= Ryō Wada =

Japanese screenwriter and novelist

Ryō Wada (和田 竜, Wada Ryō) is a Japanese screenwriter and historical novelist. Two of his novels have been adapted to films, The Floating Castle and Land of Stealth.

==Life==
He was born in Osaka but raised in Asaminami in Hiroshima. As a child he was an avid reader of SF novels, in particular Nerawareta Gakuen, but in high school he became more interested in films after watching The Terminator.
After graduating from Waseda University he worked for three years as an assistant director for a television production company.
In 2003 his original screenplay won the "Kido Award" sponsored by the Motion Picture Producers Association of Japan to train and educate new screenwriters.
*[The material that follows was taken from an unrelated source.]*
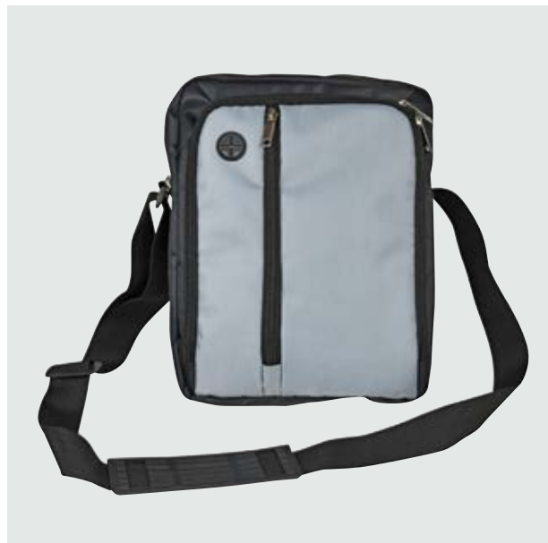
MAL 528 Bandolera Baggio ■

Material: Polyester Medida: 27.5 x 20 x 5.5 cm.

In 2007 he made his debut as a fiction writer by turning his winning script into the historical novel Nobō no Shiro (のぼうの城) which sold over two million copies. The novel was adapted into a film in 2012 with Wada writing the script. In 2013 Wada published the two-volume historical novel Murakami Kaizoku no Musume (村上海賊の娘), which garnered both the Booksellers Award and the Yoshikawa Eiji Prize for historical fiction and quickly became a bestseller.

==Works==
- Nobō no Shiro (のぼうの城) - Shogakukan, 2007 - adapted into The Floating Castle (2012)
- Shinobi no Kuni (忍びの国) - Shinchosha, 2008 - adapted into Mumon: The Land of Stealth (2017)
- Kotarō No Hidariude (小太郎の左腕) - Shogakukan, 2009
- Murakami Kaizoku no Musume (村上海賊の娘) - Shinchosha, 2013

===Manga===

- Shinobi no Kuni illustrated by Mutsumi Banno - serialized in Monthly Shōnen Sunday (2009 - 2010, 4 Volumes)
- Shinobi no Kuni Anthology (2017, 1 Volume)
- Murakami Kaizoku no Musume illustrated by Shirō Yoshida - serialized in Big Comic Spirits (2015 - , 8 Volumes)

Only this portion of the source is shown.